振れば土砂降り、晴れれば酷暑、これでほんとに梅雨かしらむ…てな戯言でもってこぼしたくなるようなヘンテコな気候、天候ではなかろうかと。ま、今年に限った話ではありませんけどね。
ともあれ、じょぼじょぼの雨降りの中、久しぶりに東京オペラシティのヴィジュアル・オルガンコンサートを聴いてきたのでありますよ(最近はサントリーホールのオルガンの方を聴いておりましたのでね)。登場したオルガン奏者の石川=マンジョル優歌さんによれば、ご本人はスーパー晴女なのであるということで、この日はレアな土砂降り記念日のようなものであると。
そんなふうに笑いを誘いつつ始まった今回の演奏会は「知られざるオルガン作品を集めて」というもの。ジョゼフ・カラーツ、ヨハネス・マティアス・ミシェル、ウイリアム・オルブライト、ヨーク・ボウエンと、知られていない作曲家の作品が並んでおりましたけれど、全体としてもまとまりよい、楽しめるコンサートになっていたような。
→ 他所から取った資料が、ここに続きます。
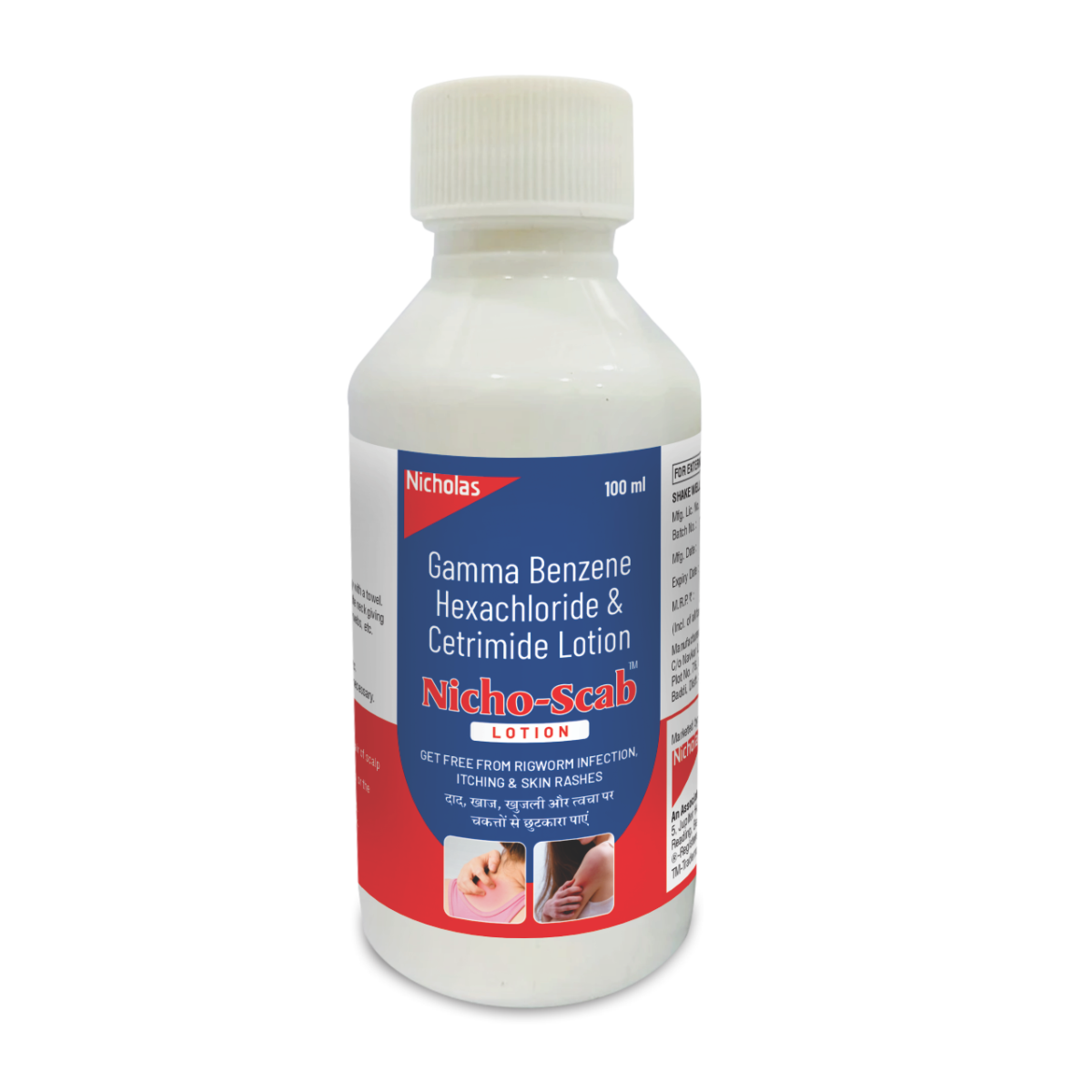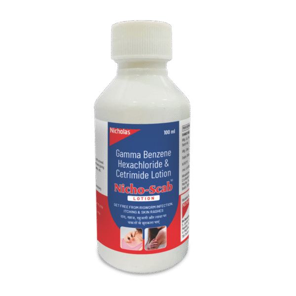 Nicho-Scab lotion is a combination formulation containing Gamma Benzene Hexachloride and Cetirimide. It is used in the treatment of scabies and pediculosis.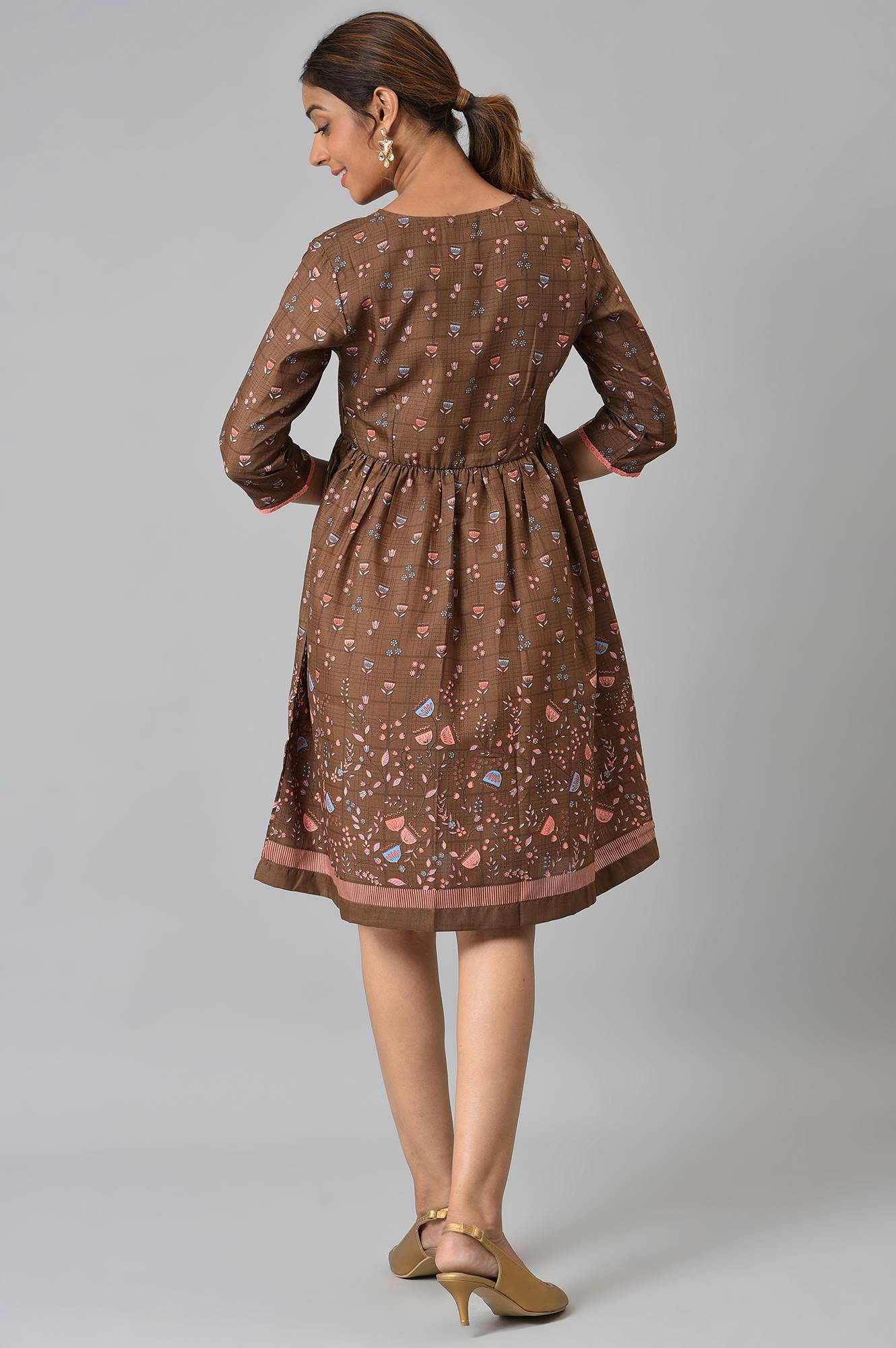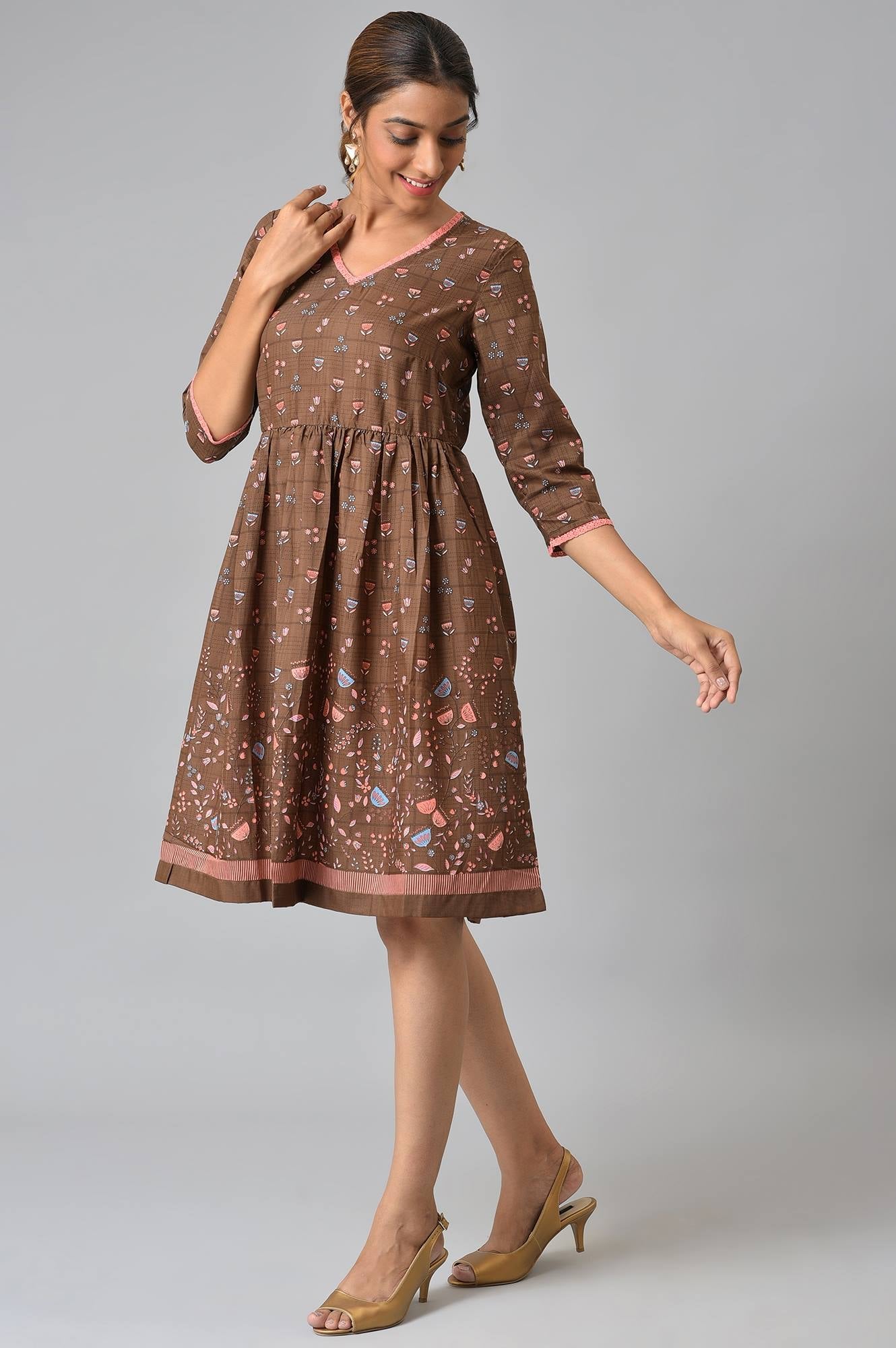 Be In Spot-Light With This Brown Floral Printed Flared Dress. The Dress Has V-Neck And Three-Quarter Sleeves.

カラーツ(1838-1901)を除けば、他の作曲家は皆、その活動時期はどっぷり20世紀であろう人たちですので、ともすると晦渋な音楽が流れだすのであるか…と些か身構えたものの、いわゆる20世紀音楽の尖鋭さ、前衛さには近付かない、いわば聴きやすい音楽であったものですのでね。取り分けミシェルという、現在も活躍中である(たぶん)の「3つのジャズ前奏曲」は。「オルガンでジャズ?」と思うも、違和感はまるでなし。考えてみれば、さすがに大がかりなパイプオルガンを使ってではありませんけれど、ハモンドオルガンでジャズというのはすでにしてあるわけですしね。
というわけで、東京オペラシティコンサートホールを覆い尽くすオルガンの響きにしばし身をゆだねてきたわけですが、こうした身をゆだねんばかりの音に包まれるというのはコンサートホールならではなのであるなあとしみじみ感じたところでありまして。どんなに頑張っても、自宅にいながらにして…というのは無理だろうなあと。
そんなふうに思いましたのも、自宅で長年使ってきたCDプレーヤーがどうやらイカレてしまったようで、手持ちの(それなりにたくさんある)CDをこの後も聴こうと思うと、代替機が必要になるという事態に立ち至っておるからでして。
ただ、時代の趨勢は「もはやCDではなかろう」ともなってきていようかと。何しろCDは開発時の技術的な妥協として、ヒトの耳が聞きとれるであろう範囲を数値的に判断して、可聴域外の音(のデータ)をカットしていて、出たての頃からそれがネックとされてましたものね。そんなCDに対して、近頃は録音のデータをそのままにハイレゾで聴く流れが出てきているわけですから、もはやCDは退場宣告寸前なのかも。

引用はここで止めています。